Water quality Recirculating aquaculture systems (RAS) Catfish / Pangasius +5 more

Ecotechnolgies, including constructed and reciprocating wetland systems, might offer economical alternatives to RAS, employing some of the same principles as recirc systems, but at the fraction of the cost.

by Aquaculture senior supervisor, Patec Foods Limited
Abdulmalik Oladipupo thumbnail
Aquaculture advisor
Andrew Leingang thumbnail

Aquaculture can play a key role in African food security

The food insecurity situation in the world has been increasing. Fish is a relatively inexpensive source of protein in developing nations. National and international agencies are aiding the effort to increase fish production.

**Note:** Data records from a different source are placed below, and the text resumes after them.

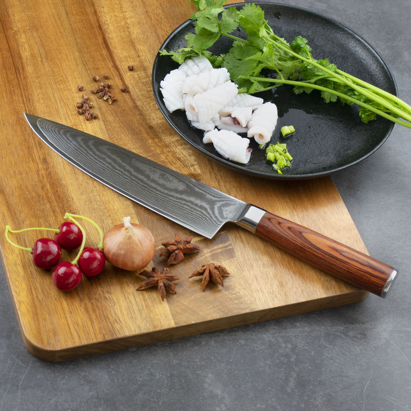 High Quality 8 Inch Damascus Steel Knife Vg10 Pakka Wood Handle Damascus Chef Knife
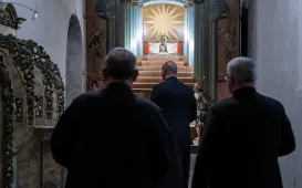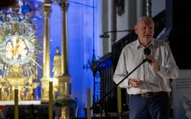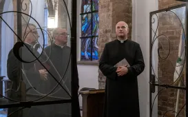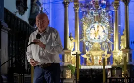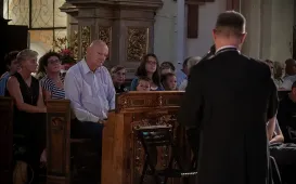 W kościele pw. Wniebowzięcia Najświętszej Marii Panny 16 sierpnia 2023 roku odbył się niezwykły koncert pt. "Gregorian Priests", łączący średniowieczny śpiew chorałowy i współczesną muzykę instrumentalną. Słuchaczy koncertu powitał prezydent Michał Zaleski. Fot. Wojtek Szabelski
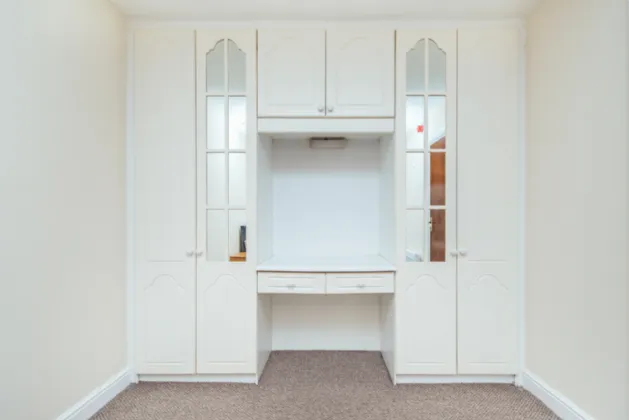 Bedroom 1 3.6m x 3m This is a spacious double bedroom to front. It includes fitted wardrobes, dressing table and a carpet floor.
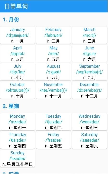 2、每一个音标都要对应的多个单词示例,日常单词,包括"月份", "星期", "四季", "数字", "日常用语", 等生活中常见的单词。
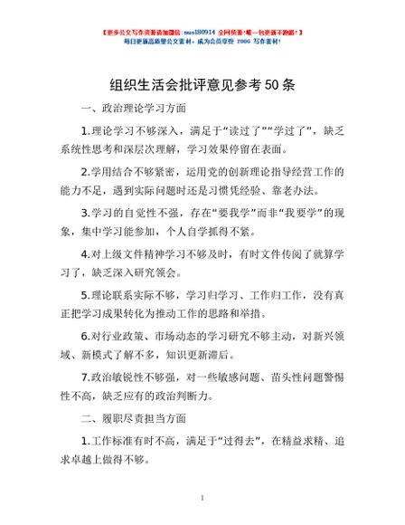 / 组织生活会批评意见参考50条
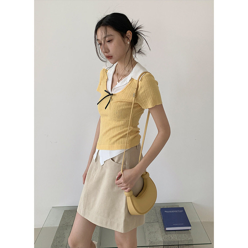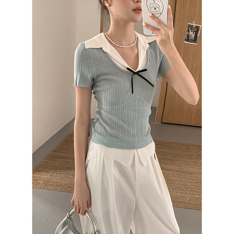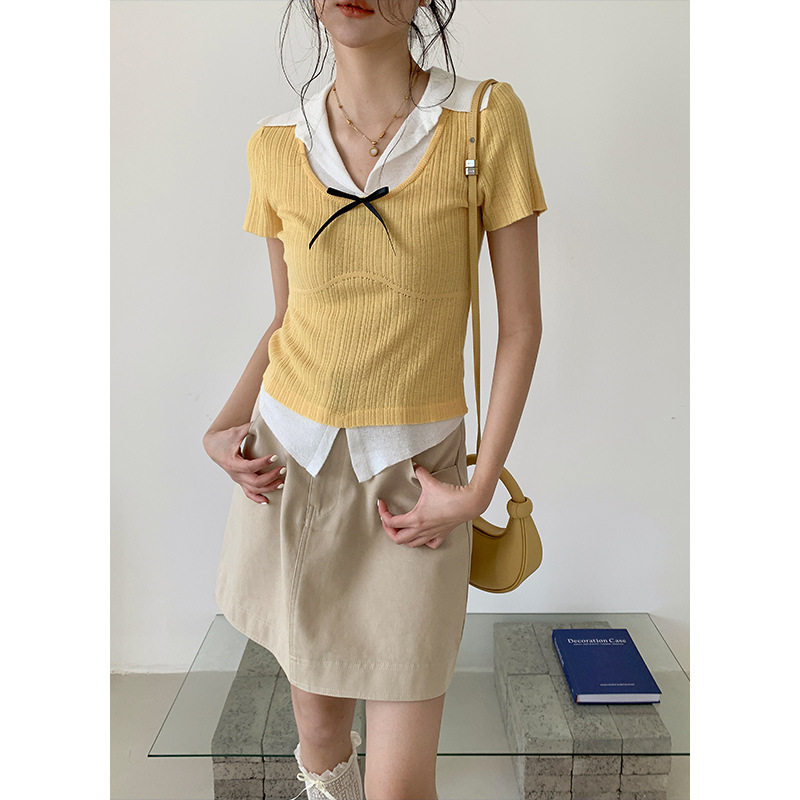 Tania S家26春季新款蝴蝶结假两件显瘦温柔风针织衫短袖翻领上衣

In Africa commercial aquaculture is relatively new and under-developed. However, fish production is an essential part of many communities. Fish farming is a major driver of local livelihoods and household sustenance. Men and women have developed traditional ways of producing, preserving, and processing fish, improving output and income. But these practices have resulted in only marginal production increases compared to exponential population growth.

African catfish can be produced at high densities in recirculating aquaculture systems (RAS)

Aquaculture is a viable solution to increasing food security in Africa. The African contribution to world aquaculture production is still small (2.7 percent), [1] but is currently increasing – with large-scale investments in Egypt, Nigeria, Uganda and Ghana. [2] [3]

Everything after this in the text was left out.